Would you restate each line of the data below word for word, without its pictures?

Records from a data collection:
= = = = = = =

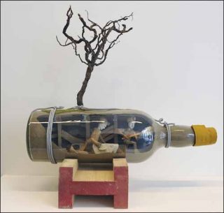 — Horizon moins vingt, 2008. Bouteille en verre 4,5 L terre, ficelle, os, pierre, coquilles d’escargot, racine, divers matériaux et vidéo couleur sonore. 50 x 35 cm et 22 min 45.
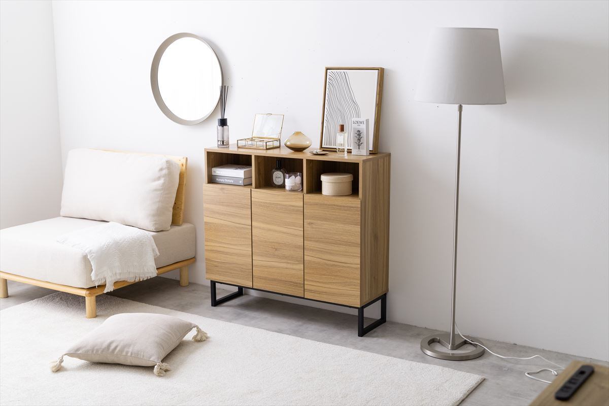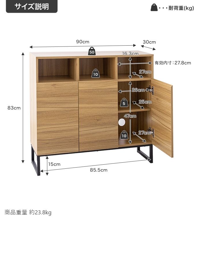 【耐荷重】天板:約50kg 、オープン収納:約10kg、可動棚:約5kg、扉収納底板:約10kg
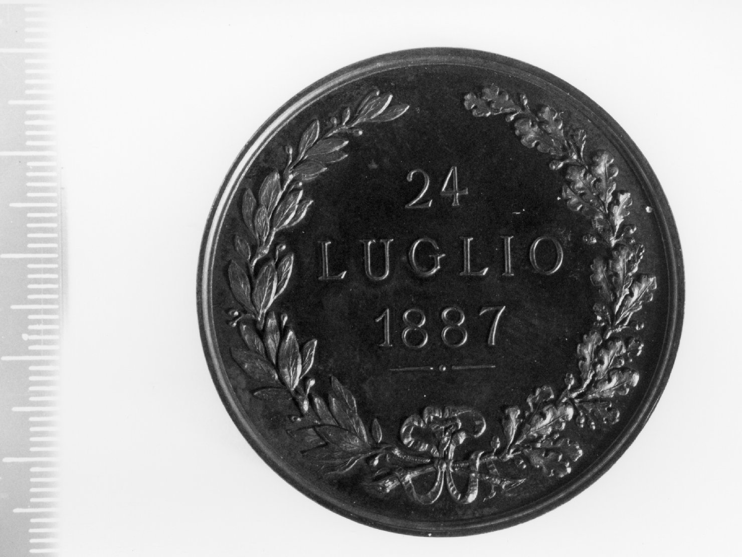 Dritto: Monumento a Giuseppe Garibaldi eretto ai Giardini di Venezia. Rovescio: Legenda entro corona d'alloro e quercia con nastro
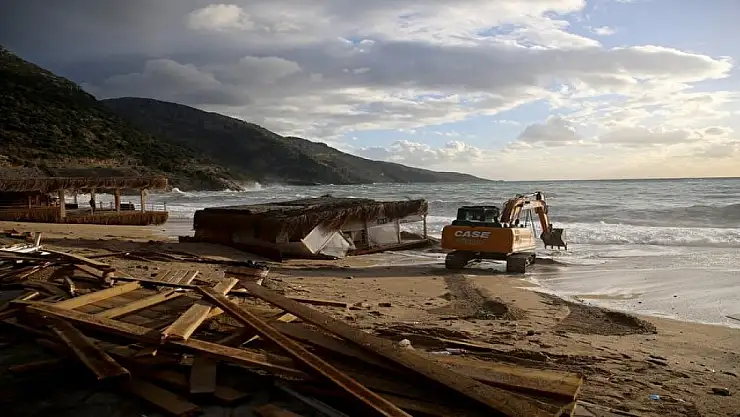 Belcekız sahilinde oluşan yaklaşık 5 metrelik dalgalar kıyıdaki işletmelere zarar verdi.
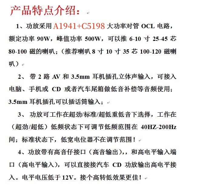 높은 전기 입력 500W 순수 저음 12V24V 전력 증폭기 고전력 마더 보드 8-12inch 자동차 서브 우퍼 코어

= = = = = = =

**OUTPUT BELOW**
 — Horizon moins vingt, 2008. Bouteille en verre 4,5 L terre, ficelle, os, pierre, coquilles d’escargot, racine, divers matériaux et vidéo couleur sonore. 50 x 35 cm et 22 min 45.
 【耐荷重】天板:約50kg 、オープン収納:約10kg、可動棚:約5kg、扉収納底板:約10kg
 Dritto: Monumento a Giuseppe Garibaldi eretto ai Giardini di Venezia. Rovescio: Legenda entro corona d'alloro e quercia con nastro
 Belcekız sahilinde oluşan yaklaşık 5 metrelik dalgalar kıyıdaki işletmelere zarar verdi.
 높은 전기 입력 500W 순수 저음 12V24V 전력 증폭기 고전력 마더 보드 8-12inch 자동차 서브 우퍼 코어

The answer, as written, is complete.